Speaker
Description
It is well known that nucleons are arranged in specific shells resulting in greater stability, analogous to the electron shells in the atom and that this shell structure was expected to be very robust in the whole nuclear chart. However, with advance experimental and theoretical works during the last two decays, we are aware that the shell structure changes when moving far away from stability and it is related to the large neutron excess and nuclear forces. In other words, the Shell Model described in 1949 by Mayer and Jensen is not valid throughout the nuclear chart and nuclear forces have to be reconsidered in the nuclear Hamiltonian which was initially described by harmonic oscillator potential and spin–orbit interaction.

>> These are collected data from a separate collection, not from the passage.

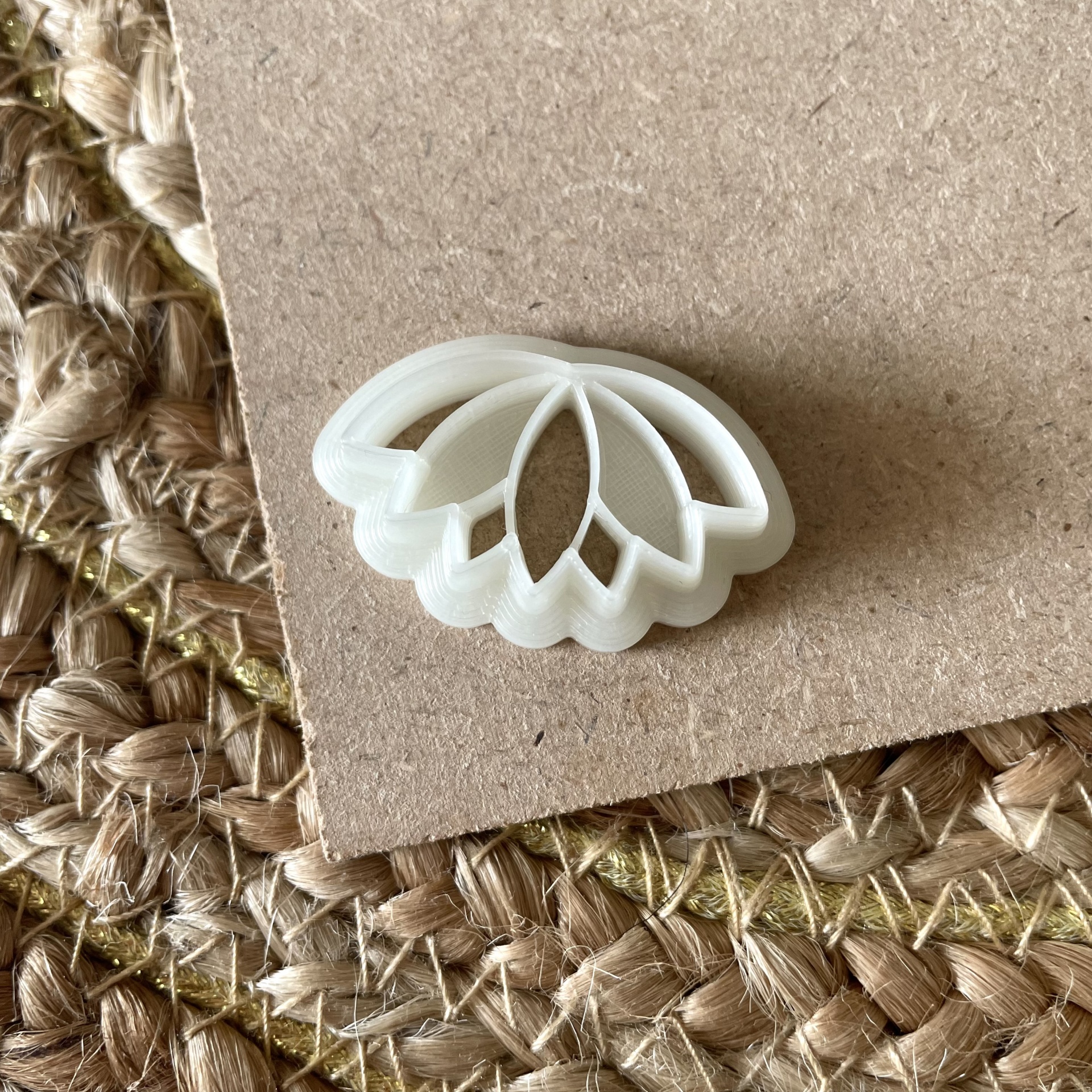 • Cortador de biscoitos branco em forma de pétalas em fundo de palhinha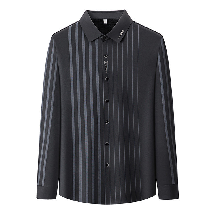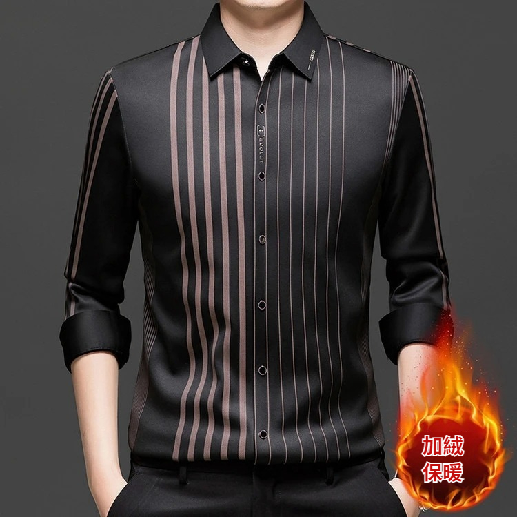 秋冬長袖襯衫男士中年加絨加厚休閑商務無痕免燙保暖襯衣爸爸裝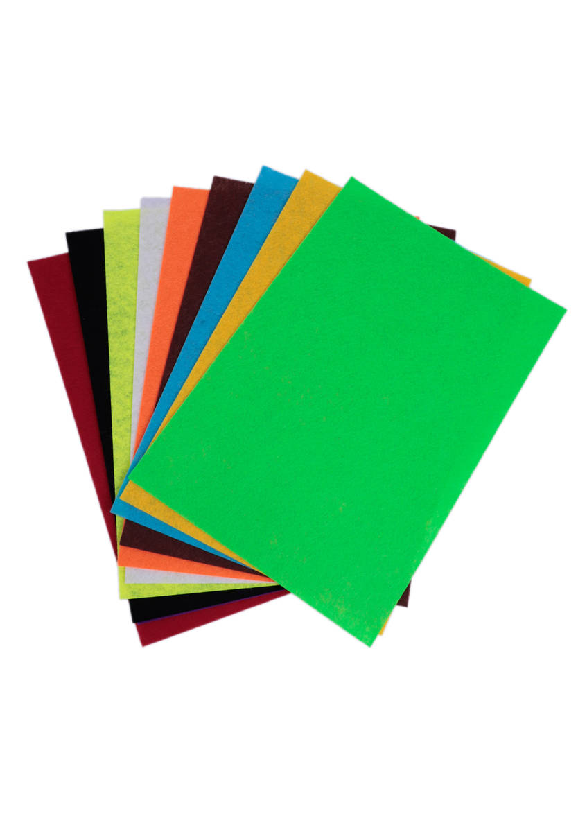 Paket içerinde 10 adet farklı renkte ince keçe mevcuttur. Paket içerisinde kırmızı, mor, siyah, neon sarı, beyaz, turuncu, kahverengi, mavi, sarı, yeşil renkleri mevcuttur. 3 mm kalınlığındadır. 20 * 30 cm ebatındadır. Çanta modelleri, kapı süsleri ve aksesuar yapımı için uygundur.Weight (Kg):0.1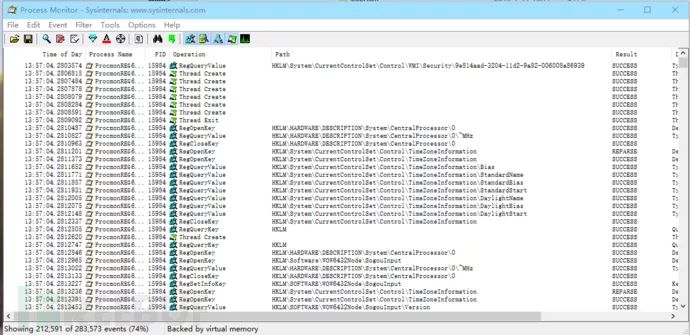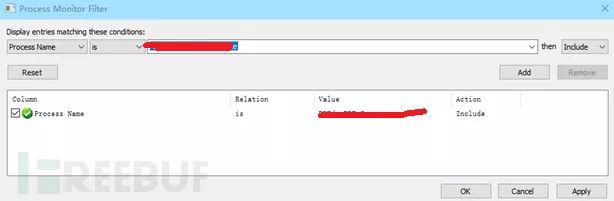 现在我们打开Process Monitor,使用过滤功能添加白名单使Pm仅显示该进程的相关信息。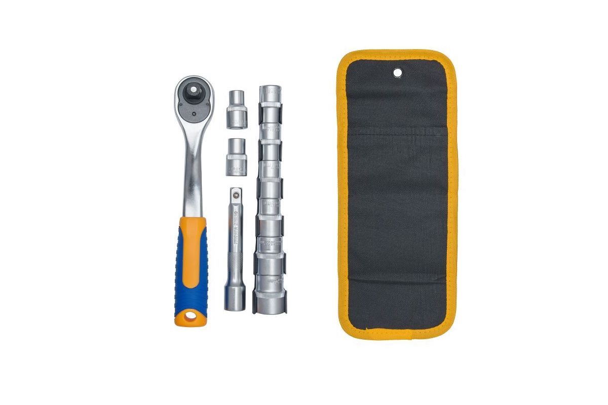 Состав набора: - Торцевые головки ?''Dr 6 граней (8шт.):10;12;13;14;17;19;22;24мм - Удлинитель ?'' (1шт.):127mm; - Рукоятка трещоточная ?'' 250mm (72 зубца, ремонтопригодная, двухкомпонентная)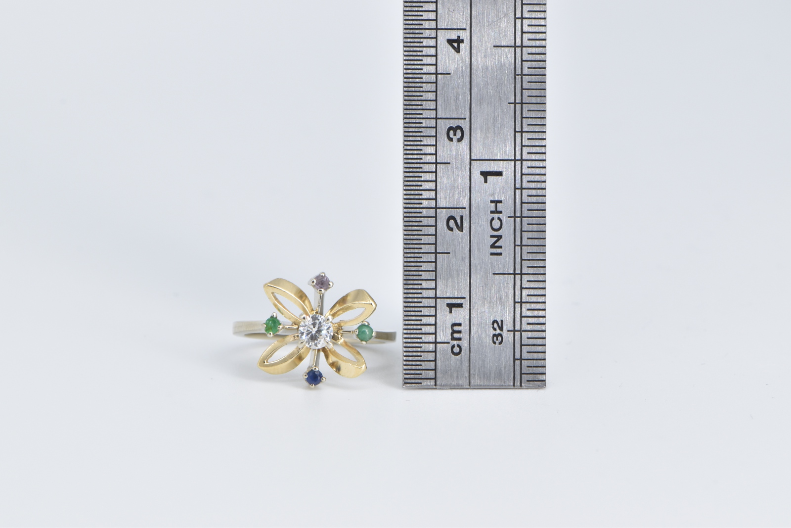 14K Diamond Emerald Ruby Sapphire Flower Yellow Gold Ring, Size 4.75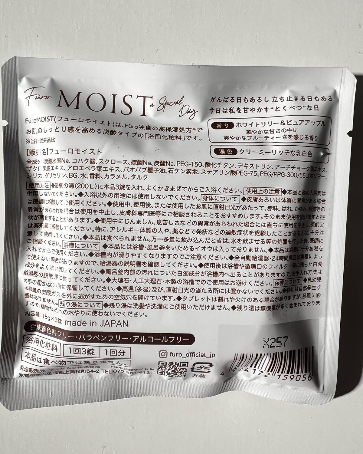 - Furo MOIST(フューロモイスト)は、Furo独自の高保湿処方※でお肌にしっとり感を与える炭酸タイプの「浴用化粧料」です。ブラウンシュガー、美容オイル、厳選エキスなど、保湿成分を贅沢に配合。合成着色料フリー、パラベンフリー、アルコールフリー処方で生後3か月以上の赤ちゃんとも一緒に使えます。クリーミーリッチな乳白色のとろみ湯ヴェールをまとって、気持ちもとろけるリッチなバスタイムを。※当社従来品比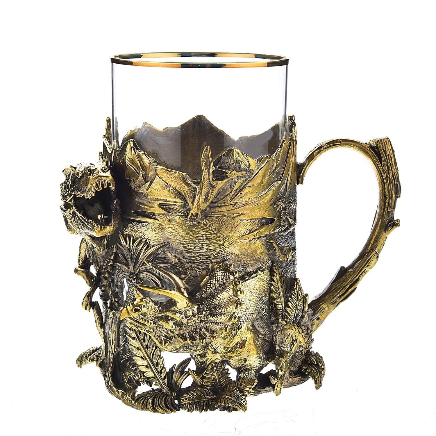Для удобства дарения мы предлагаем приобрести подарочную упаковку из нашего ассортимента. Авторская работа, подстаканник "Эра динозавров" латунный - это практичный вариант подарка для мужчины, любителя динозавров, задушевных посиделок на Свадьбу. День рождения, Юбилей, Новоселье, общий или личный праздник.
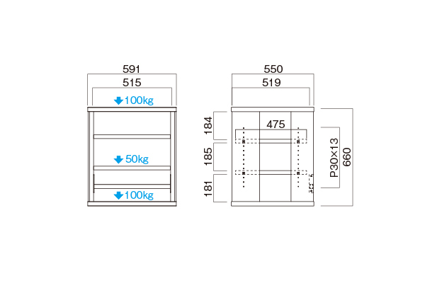 | 備考 | 天板 耐荷重:100kg以下 棚板 耐荷重:50kg以下 底板 耐荷重:100㎏以下 |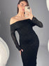 Verleidelijke off-shoulder jurk met een subtiel kanten patroon en aansluitend silhouet. De stretchstof zorgt voor een elegante look én comfort. Ideaal voor feestjes, diners of formele events.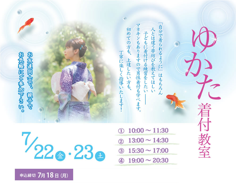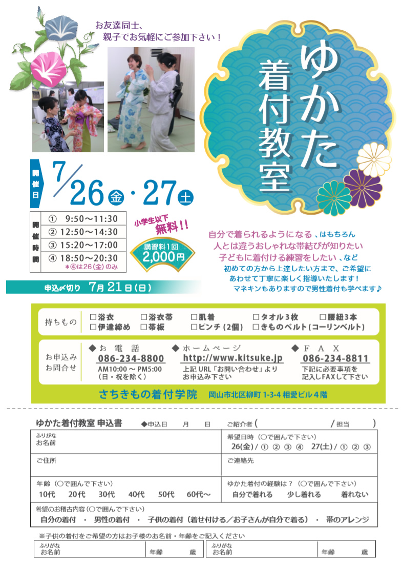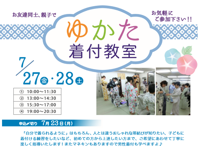 浴衣の季節に向けて半巾帯の変わり帯結び講習会を行います。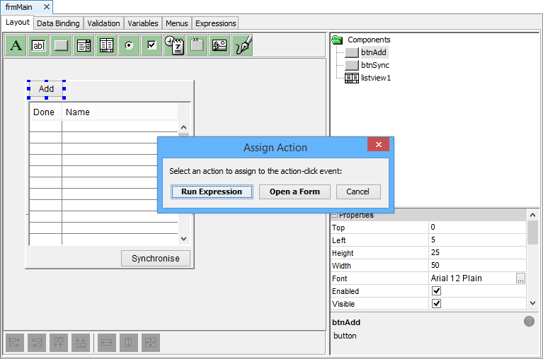 Finally, implement the Sync Rule by specifying an expression when the ‘Synchronise’ button is tapped. With the previously created query ‘qToDo’, create a sync rule – ‘qGetToDo’ with the direction of synchronisation from the server to the client.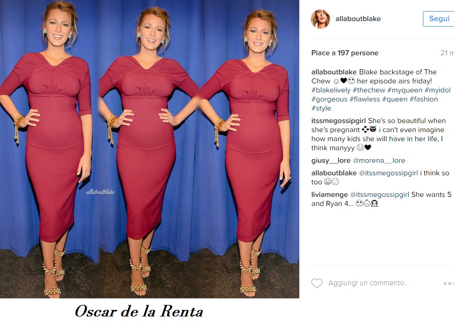 L’ultima uscita pubblica risale ad oggi, quando la bella Blake ha sfoggiato una bellissima creazione Versace e capelli mossi. Stessa pettinatura ma un vestito completamente diverso ieri, quando l’attrice ha postato una foto su Instagram con un abitino corto firmato “Monse” che ha fatto impazzire le fan. Ancora, rosso acceso per l’abito elegante firmato Oscar de la Renta, impreziosito da un meraviglioso drappeggio sulla scollatura. Trionfo di tulle a contrasto con il corpetto in pelle per il glamourissimo abito firmato Carolina Herrera e, per finire, piume e argento per l’abito corto griffato Michael Kors. Che dire, scegliere quale sia l’abito migliore è davvero difficile.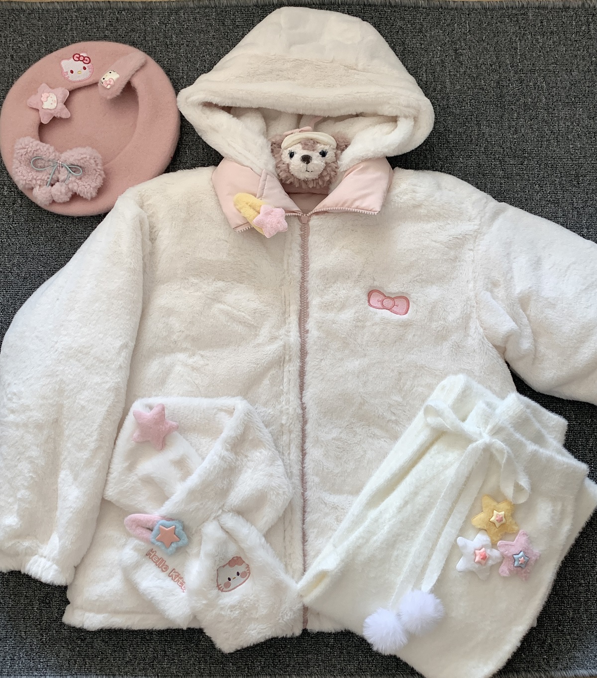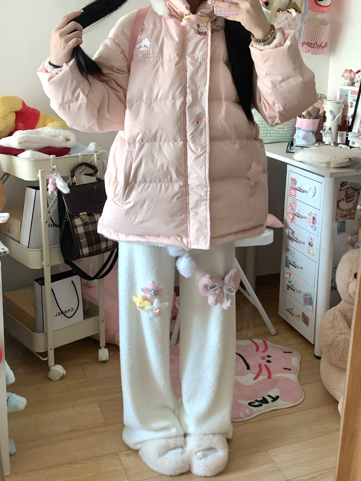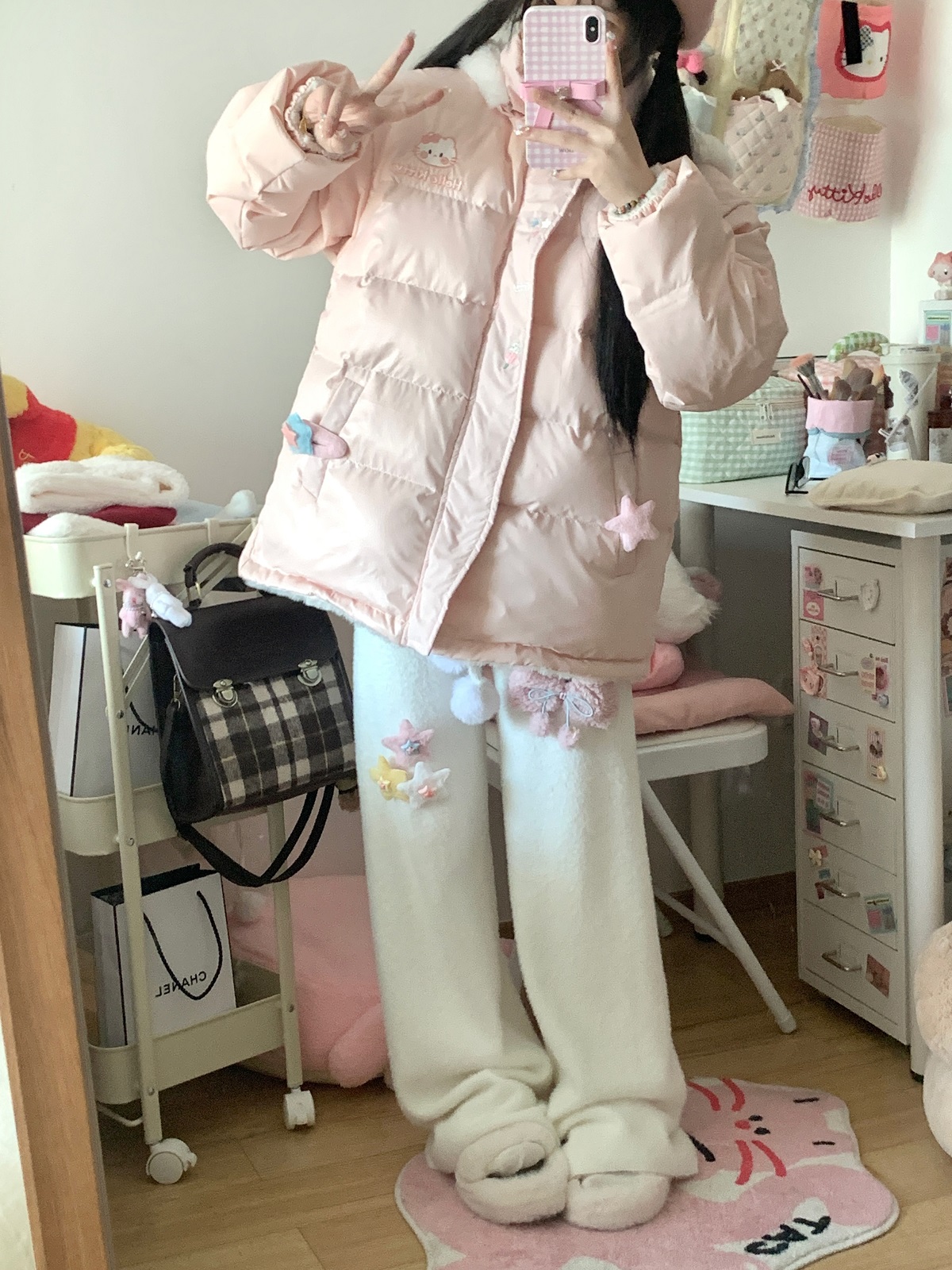 原創可愛kt貓加厚粉色外套國標白鴨絨雙面羽絨服女毛絨絨連帽開衫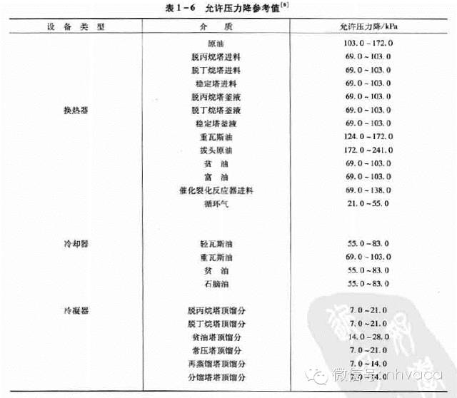 下圖為不同介質(zhì)在不同設(shè)備類型中的允許壓力降參考值: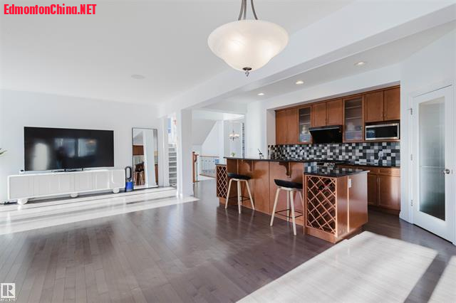 楼上设有一间带超大窗户的居家客厅,豪华主卧套房配有私人阳台、宽敞的步入式衣帽间、5pc卫浴间宛若SPA会馆!另外2间宜居卧室共享另一套4pc卫浴间。6 i, U/ b$ ] r: I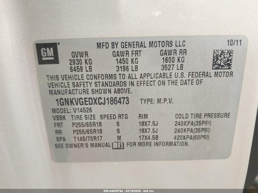 • 1GNKVGEDXCJ186473

The possible consequences expected for neutron-rich nuclei are shell evolution in which changes in ordering and location of the single particle orbits are significant, and the shape coexistence where particle-hole excitations over a major shell and quadrupole correlations are favored due to inversion of orbitals and reduced shell gaps. In extreme cases proven in the lighter mass regions, new magic numbers appear and some other conventional ones disappear and intruder correlations change the ground state deformation, causing the phenomena called island of inversion. In the present manuscript, these aspects will be discussed in the 78Ni region. Recent experiments performed at RIKEN radioactive beam facility using different methodologies will be presented.